When Stata is running, there are a number of "windows" within Stata. The "Stata Command" window is where we will enter all Stata commands. Note all attempts will be made to display all relevant Stata commands used in these modules in black Courier font (as shown here). The "Review" window lists all commands run by Stata. We will be able to repeat any command listed here by simply clicking on them instead of re-typing them. The "Stata Results" window is where all the output from our commands appears. The "Variables" window lists the variables that are in your data set. When we first open Stata, all these windows will be blank except for the "Stata Results" window.GETTING READY
We'll need to do a couple things before actually loading the data set. First, you will want to get in the habit of opening what is called a log file before you start your work. This file will record all the input that you type as well as all the output produced by Stata. It is a useful file to have for a number of reasons. It will let us re-create our work if we later decide we want to redo something. It also allows others to replicate our work. The log file can also be used to cut results from and paste them into another file for editing purposes. For all these reasons, always open a log file. We can easily delete it later if we decide not to keep it. To open a log file, in the Stata command window, type:
log using "C:\Workshop\filename.log", replace
If the log file does not already exist, you will see a Stata message warning you that the file you created is new. That's fine. The replace option in the command line above tells Stata to write over any existing log file with the same name. If we wanted to add this log file on to an existing file without erasing the contents of the existing file, we would use:
log using "C:\Workshop\filename.log", append
AN IMPORTANT HINT: For every Stata command that we will use, there is on-line help within Stata. For example, above we used replace and append as options to the log command. There are other options and these can be investigated by simply typing: help log
This help command works for almost every command in Stata. If there are no Stata manuals handy, the help command is invaluable. The help command will tell us how to use a command, what that command does, its options, and even some examples. Use it often!

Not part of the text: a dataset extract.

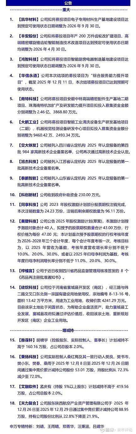 会转发申万宏源专精特新团队每晚整理的北交所公告整理图
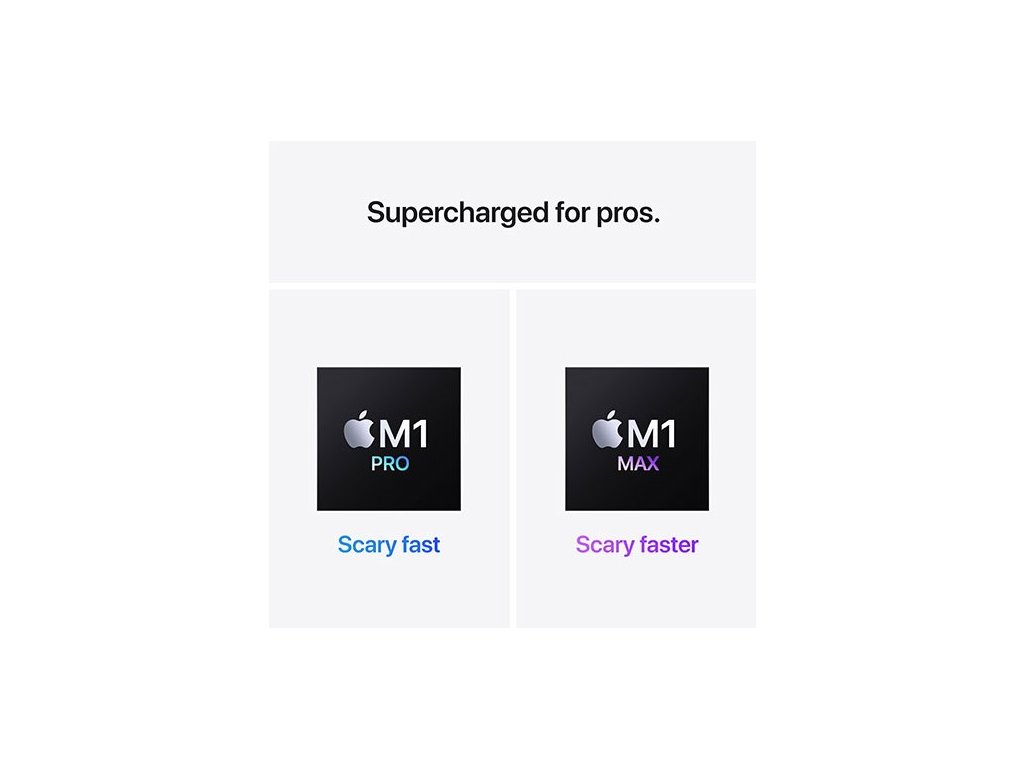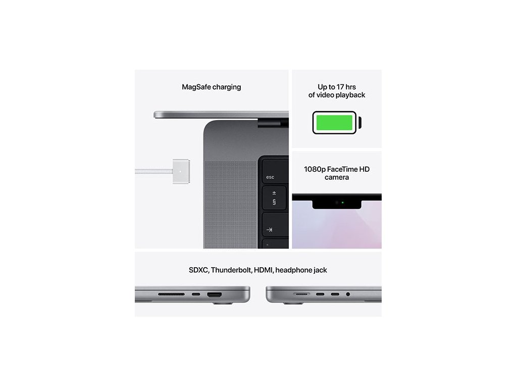 - Două afișaje externe cu o rezoluție de până la 6K la 60 Hz cu mai mult de un miliard de culori (M1 Pro)

The step we will need to take before opening the data set is to tell Stata how much memory the data set will require. In this module, we will begin by using the BAIS data set. This data set is:
C:\Workshop\bais.dta
Other data sets have slightly different names. If you are using a folder other than "Workshop" (which would be a subdirectory you would create on your 'C:\' drive), that name too would be different. This data set requires 5 megabytes of memory. To tell Stata how much memory to set aside for our data, type:
set mem 5m
If you were using a larger BAIS data file, or any other larger data set, you would substitute the "5m" in the set mem command above with a value slightly larger than the size of the data file in megabytes. Thus, if a data file is 10 megabytes in size, you would want to set the memory to a value of 11 or higher.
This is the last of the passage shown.